Hair is an accessory organ of the skin. It grows from a space called the hair follicle. Growth begins from a small cluster of cells at the base of the follicle. These cells are called the hair papillae. They form the hidden part of the hair, called the root, and the visible portion of the hair, called the shaft. Other accessory organs of the skin include sense receptors that carry messages of touch, temperature, pain, and pressure. Meissner’s corpuscles, which are sensitive to light touch, and Pacinian corpuscles, which are sensitive to pressure, are examples of sense receptors. Nails are also classified as accessory organs. They consist of a visible part, called the body, and a hidden part, called the root. They function to protect the skin. Skin glands are also classified as accessory organs. Examples include:

a.   The sudoriferous glands that, if eccrine, produce perspiration and if apocrine, produce a thick, milky secretion.

b.   The sebaceous glands produce oil to lubricate the skin.

4.   List and discuss the three primary functions of the integumentary system.

The functions of the skin are:

Protection—It keeps microorganisms out of the body, protects against harmful chemicals, protects against excess fluid loss, and shields against ultraviolet radiation.

Temperature regulation—It produces sweat that cools the body.

Sense organ activity—The skin contains nerve endings, which keep us informed of changes that occur in the environment.

5.   Classify burns and describe how to estimate the extent of a burn injury.

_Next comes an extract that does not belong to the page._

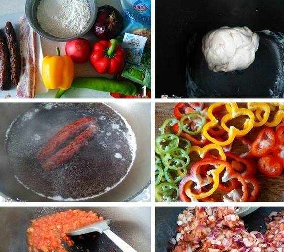 【馅料】:马苏里拉奶酪125克、香肠两段、培根两片、洋葱一个、西红柿一个、红柿子椒半个、黄柿子椒半个、青椒半个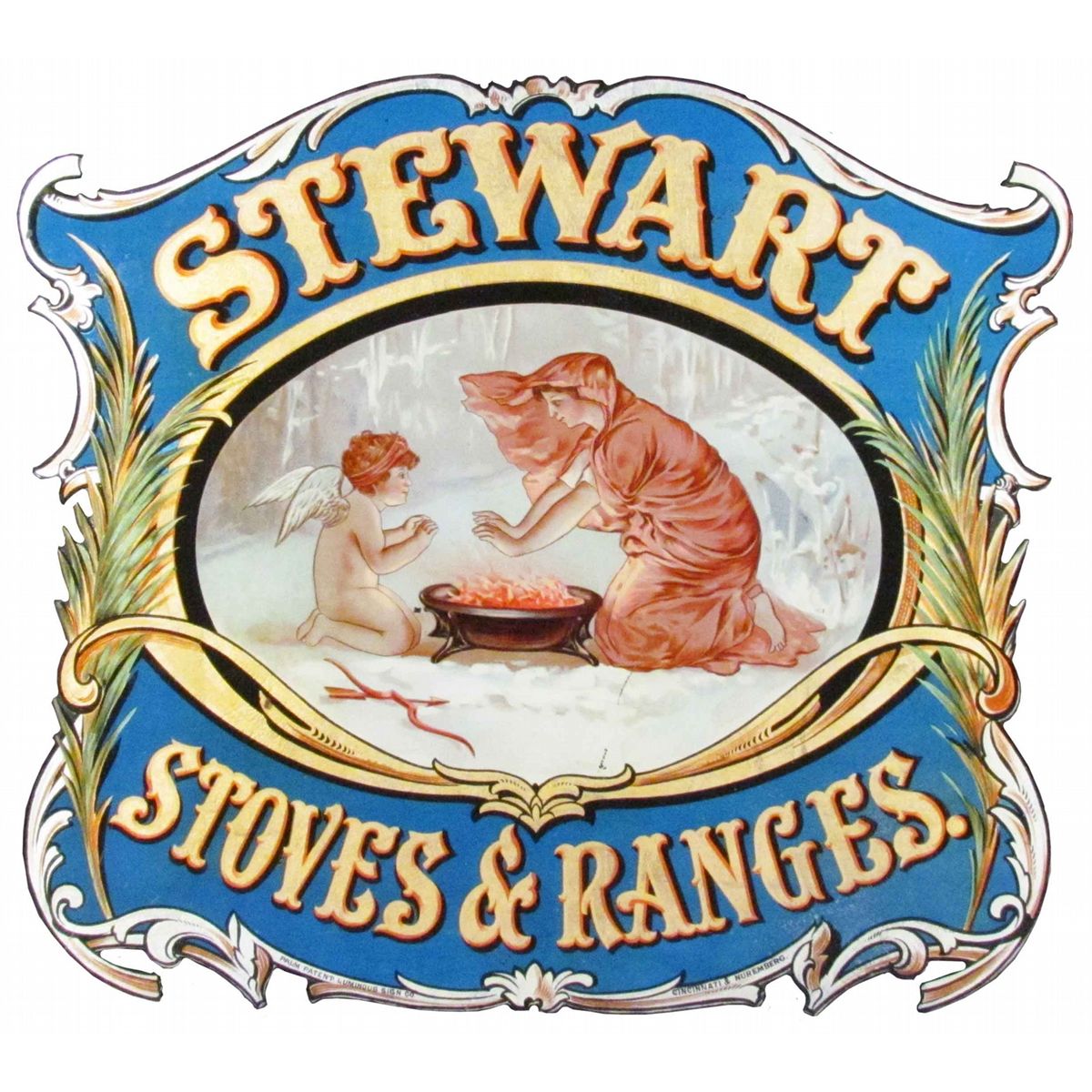 Stewart Stoves & Ranges Reverse Glass Sign. Applied transfer. Palm Patent Luminous Sign Co. Cincinnati & Neremberg. Some normal crazing otherwise excellent condition. 16 1/4 X 15 1/2 inches. Start Price $200

The classification system used to describe the severity of burns is based on how many tissue layers of skin are involved. A first-degree burn causes minor discomfort and reddening of the skin. It damages the epidermal layers. A second-degree burn is characterized by blisters, severe pain, swelling, fluid loss, and sometimes scarring. It involves deep epidermal layers and upper layers of the dermis. A third-degree burn causes severe scarring and is accompanied by inability to feel pain, because nerve endings have been destroyed. Both the epidermis and the dermis are completely destroyed, and tissue death can extend into subcutaneous layers.

The “rule of nines” is one of the most frequently used methods of determining the extent and depth of a burn injury. With this scale, the body is divided into 11 sections, each representing 9%, allowing 1% for the genitals.